The answer is the data repeated in full, with no pictures included.
----- RECORDED INFORMATION -----
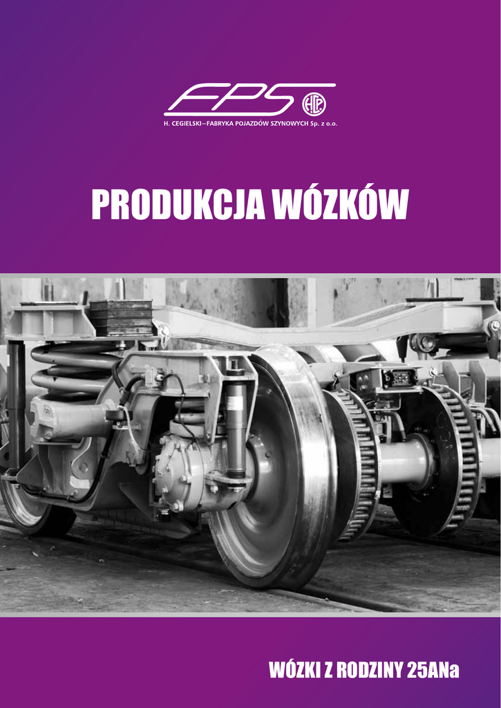 Produkcja wózków Wózki z rodziny 25ANa Wózki z rodziny 25ANa przeznaczone do wagonów osobowych od ponad 15 lat eksploatowane są z powodzeniem na polskich torach oraz w komunikacji międzynarodowej na torach europy zachodniej. Wózki z rodziny 25ANa charakteryzują się bardzo dobrymi właściwościami biegowymi oraz bardzo wysokim komfortem jazdy wagonów w nie wyposażonych. W trakcie eksploatacji wózki te nie wymagają obsługi. Zastosowane rozwiązania gwarantują zminimalizowanie prac obsługowo-naprawczych w całym okresie życia wózków - niskie LCC. Konstrukcja wózków umożliwia ich łatwą zabudowę do nowo konstruowanych wagonów jak i wagonów modernizowanych w trakcie napraw okresowych. Szeroki zakres zastosowań potwierdza ich doskonałą konstrukcję. Wózki te stosowane są między innymi w wagonach: sypialnych, przedziałowych pierwszej i drugiej klasy, bezprzedziałowych pierwszej i drugiej klasy, z przedziałami klasy business. Wózki są eksploatowane m.in. pod następującymi typami wagonów: 156A,157Aa,158A,159A, 154Aa, 305Ad, 152Aa, 144Aa. Podstawowe dane techniczne wózków 25ANa | 25AN: 1. Szerokość toru: 1435 mm 2. Rozstaw osi zestawów kołowych: 2500 mm 3. Średnica koła nowego: Ø920 mm 4. Średnica koła zużytego: Ø854 mm 5. Prędkość maksymalna: 200 km/h | 160km/h 6. Maksymalny nacisk zestawu kołowego: 16 ton/oś 7. Masa wózka: 7400 kg | 7000kg Krótka charakterystyka wózków z rodziny 25ANa: • rama spawana w kształcie litery H; • nie zużywające się, wahaczowe prowadzenie zestawów kołowych; • zawieszenie pierwszego stopnia – sprężyny śrubowe; • zawieszenie drugiego stopnia – sprężyny śrubowe; • zestaw kołowy z kołami monoblokowymi oraz 3 tarczami hamulcowymi lub alternatywnie dla mniejszych prędkości 2 tarcze hamulcowe; • wyposażony w hamulec szynowy magnetyczny; • tłumienie drgań – tłumiki hydrauliczne pionowe w pierwszym i drugim stopniu usprężynowania, poziome tłumiki hydrauliczne oraz hydrauliczny tłumik wężykowania; • połączenie wózka z pudłem za pomocą centralnego czopa skrętu; • oparcie pudła na belce poprzecznej za pomocą bloków metalowo-gumowych; • przeniesienie sił wzdłużnych wózek – pudło wykonane jako bezluzowe i bezobsługowe;
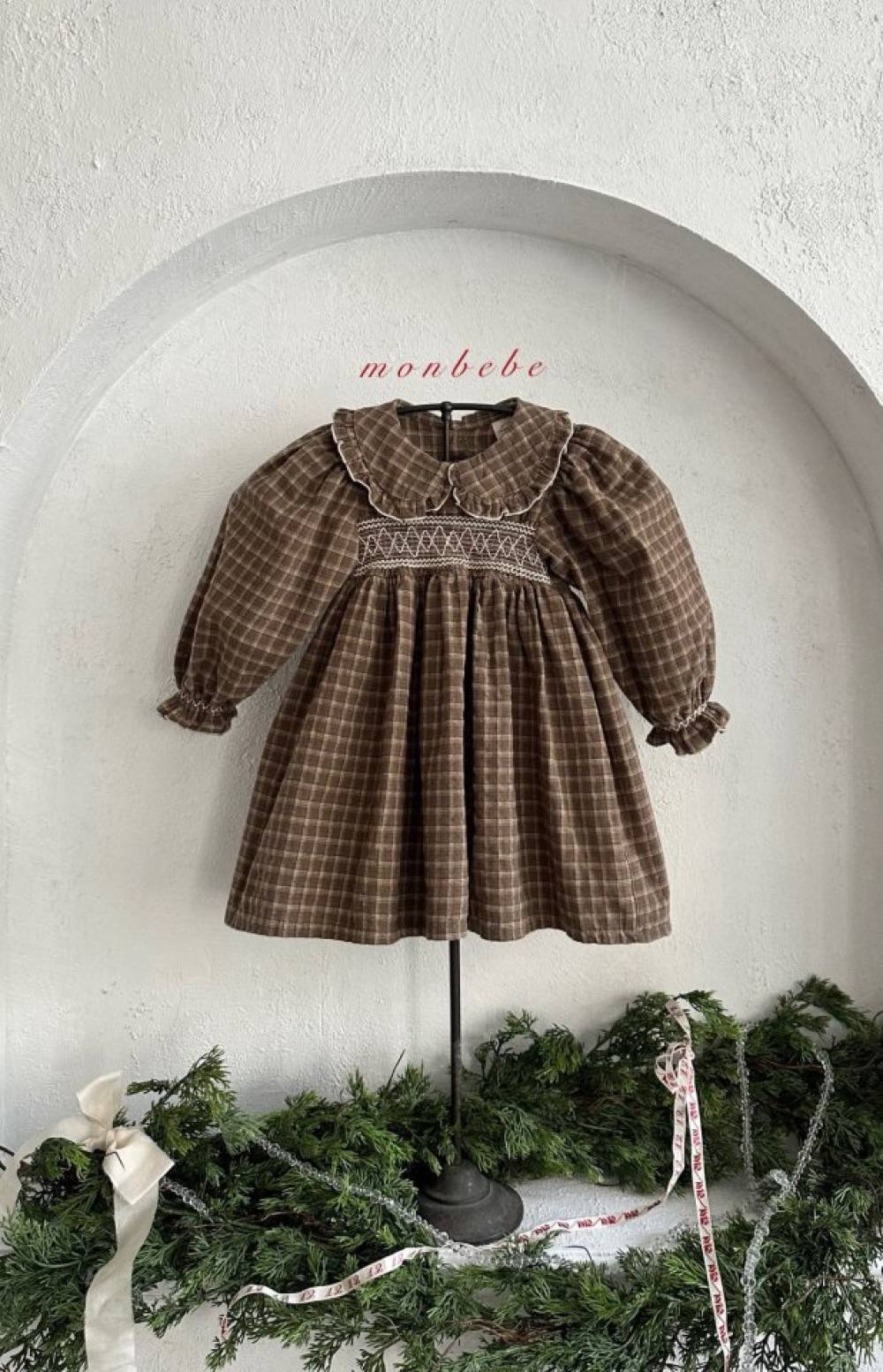小童款 打褶繡花格紋洋裝 姊妹裝,蘿菈衣櫥|韓國童裝
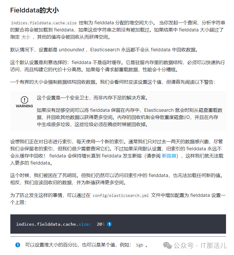 ES配置中提到的FieldData指的是字段数据。当排序(sort),统计(aggs)时,ES把涉及到的字段数据全部读取到内存(JVM Heap)中进行操作。相当于进行了数据缓存,提升查询效率。
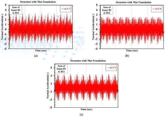 The sinusoidal load types B1 to B12 as presented in Table 9 were applied using the shaker at a distance of 100 cm from the center of the experimental scaled structure with a mat foundation while ACC7, ACC8 and ACC9 measured the acceleration data of the first, third and fifth floors, respectively. Next, each time history was divided by its absolute maximum value to become normalized in terms of amplitude. These normal accelerations were added in accordance with the superposition principle, shown in Figure 13. Finally, the frequency response was acquired which is shown in Figure 14. For a detailed view, 4 s of the acceleration time history are presented in Figure 13; however, the test data have been recorded for up to 6 s.
-----
§ SOLUTION FOR THIS EXERCISE
 Produkcja wózków Wózki z rodziny 25ANa Wózki z rodziny 25ANa przeznaczone do wagonów osobowych od ponad 15 lat eksploatowane są z powodzeniem na polskich torach oraz w komunikacji międzynarodowej na torach europy zachodniej. Wózki z rodziny 25ANa charakteryzują się bardzo dobrymi właściwościami biegowymi oraz bardzo wysokim komfortem jazdy wagonów w nie wyposażonych. W trakcie eksploatacji wózki te nie wymagają obsługi. Zastosowane rozwiązania gwarantują zminimalizowanie prac obsługowo-naprawczych w całym okresie życia wózków - niskie LCC. Konstrukcja wózków umożliwia ich łatwą zabudowę do nowo konstruowanych wagonów jak i wagonów modernizowanych w trakcie napraw okresowych. Szeroki zakres zastosowań potwierdza ich doskonałą konstrukcję. Wózki te stosowane są między innymi w wagonach: sypialnych, przedziałowych pierwszej i drugiej klasy, bezprzedziałowych pierwszej i drugiej klasy, z przedziałami klasy business. Wózki są eksploatowane m.in. pod następującymi typami wagonów: 156A,157Aa,158A,159A, 154Aa, 305Ad, 152Aa, 144Aa. Podstawowe dane techniczne wózków 25ANa | 25AN: 1. Szerokość toru: 1435 mm 2. Rozstaw osi zestawów kołowych: 2500 mm 3. Średnica koła nowego: Ø920 mm 4. Średnica koła zużytego: Ø854 mm 5. Prędkość maksymalna: 200 km/h | 160km/h 6. Maksymalny nacisk zestawu kołowego: 16 ton/oś 7. Masa wózka: 7400 kg | 7000kg Krótka charakterystyka wózków z rodziny 25ANa: • rama spawana w kształcie litery H; • nie zużywające się, wahaczowe prowadzenie zestawów kołowych; • zawieszenie pierwszego stopnia – sprężyny śrubowe; • zawieszenie drugiego stopnia – sprężyny śrubowe; • zestaw kołowy z kołami monoblokowymi oraz 3 tarczami hamulcowymi lub alternatywnie dla mniejszych prędkości 2 tarcze hamulcowe; • wyposażony w hamulec szynowy magnetyczny; • tłumienie drgań – tłumiki hydrauliczne pionowe w pierwszym i drugim stopniu usprężynowania, poziome tłumiki hydrauliczne oraz hydrauliczny tłumik wężykowania; • połączenie wózka z pudłem za pomocą centralnego czopa skrętu; • oparcie pudła na belce poprzecznej za pomocą bloków metalowo-gumowych; • przeniesienie sił wzdłużnych wózek – pudło wykonane jako bezluzowe i bezobsługowe;
小童款 打褶繡花格紋洋裝 姊妹裝,蘿菈衣櫥|韓國童裝
 ES配置中提到的FieldData指的是字段数据。当排序(sort),统计(aggs)时,ES把涉及到的字段数据全部读取到内存(JVM Heap)中进行操作。相当于进行了数据缓存,提升查询效率。
 The sinusoidal load types B1 to B12 as presented in Table 9 were applied using the shaker at a distance of 100 cm from the center of the experimental scaled structure with a mat foundation while ACC7, ACC8 and ACC9 measured the acceleration data of the first, third and fifth floors, respectively. Next, each time history was divided by its absolute maximum value to become normalized in terms of amplitude. These normal accelerations were added in accordance with the superposition principle, shown in Figure 13. Finally, the frequency response was acquired which is shown in Figure 14. For a detailed view, 4 s of the acceleration time history are presented in Figure 13; however, the test data have been recorded for up to 6 s.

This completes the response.